Eventually I just made it, by going back to a place that was semi-above ground (meaning that it was below ground but you entered it a sunken area that was not covered by a roof) that I had earlier rejected on the grounds that it didn’t have a satisfactory food option, and just had an espresso. Thus fortified, I made my way to the talk and arrived just in time, which didn’t stop me getting a seat near the front. That was to be the case at all talks — if I marched to the front, I could get a seat. I think part of the reason was that there were “Reserved” stickers on several seats, which had been there for the opening ceremony and not been removed. But maybe it was also because some people like to sit some way back so that they can zone out of the talk if they want to, maybe even getting out their laptops. (However, although wireless was in theory available throughout the conference centre, in practice it was very hard to connect.)

The first talk was by Ian Agol. I was told before the talk that I would be unlikely to understand it — the comment was about Agol rather than about me — and the result of this lowering of my expectations was that I enjoyed the talk. In fact, I might even have enjoyed it without the lowering of expectations. Having said that, I did hear one criticism afterwards that I will try to explain, since it provides a good introduction to the content of the lecture.

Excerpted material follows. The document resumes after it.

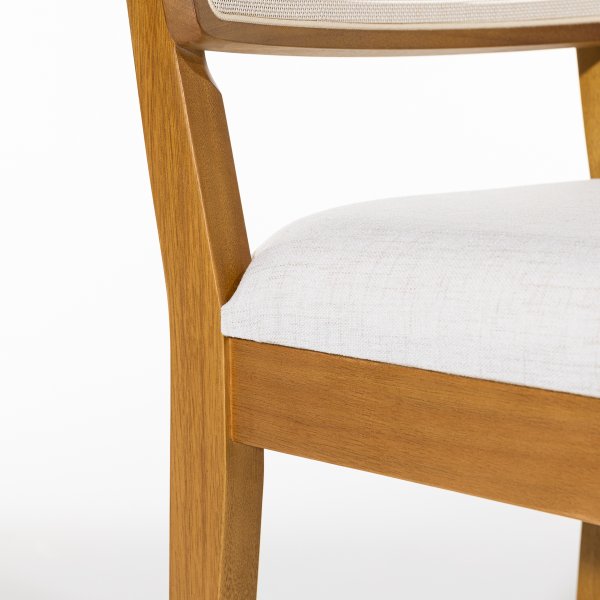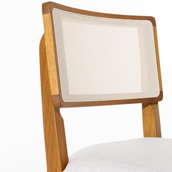 A estrutura em madeira maciça de eucalipto na tonalidade pinhão confere um visual sofisticado e resistência incomparável. O encosto em telinha sextavada natural adiciona leveza ao design, garantindo um charme artesanal e um toque rústico-chique à peça. Esse detalhe permite a circulação de ar, proporcionando mais conforto térmico e um visual único. O assento estofado em tecido linho palha traz suavidade e um toque aconchegante, além de harmonizar perfeitamente com a estrutura da madeira. Seu design versátil permite que a cadeira se adapte a diversos estilos de decoração, desde os mais clássicos até os contemporâneos.

When I first heard of Thurston’s famous geometrization conjecture, I thought of it as the ultimate aim of the study of 3-manifolds: what more could you want than a complete classification? However, this view was not correct. Although a proof of the geometrization conjecture would be (and later was) a massive step forward, it wouldn’t by itself answer all the questions that people really wanted to answer about 3-manifolds. But some very important work by Agol and others since Perelman’s breakthrough has, in some sense that I don’t understand, finished off some big programme in the subject. The criticism I heard was that Agol didn’t really explain what this programme was. I hadn’t really noticed that as a problem during the talk — I just took it on trust that the work Agol was describing was considered very important by the experts (and I was well aware of Agol’s reputation) — but perhaps he could have done a little more scene setting.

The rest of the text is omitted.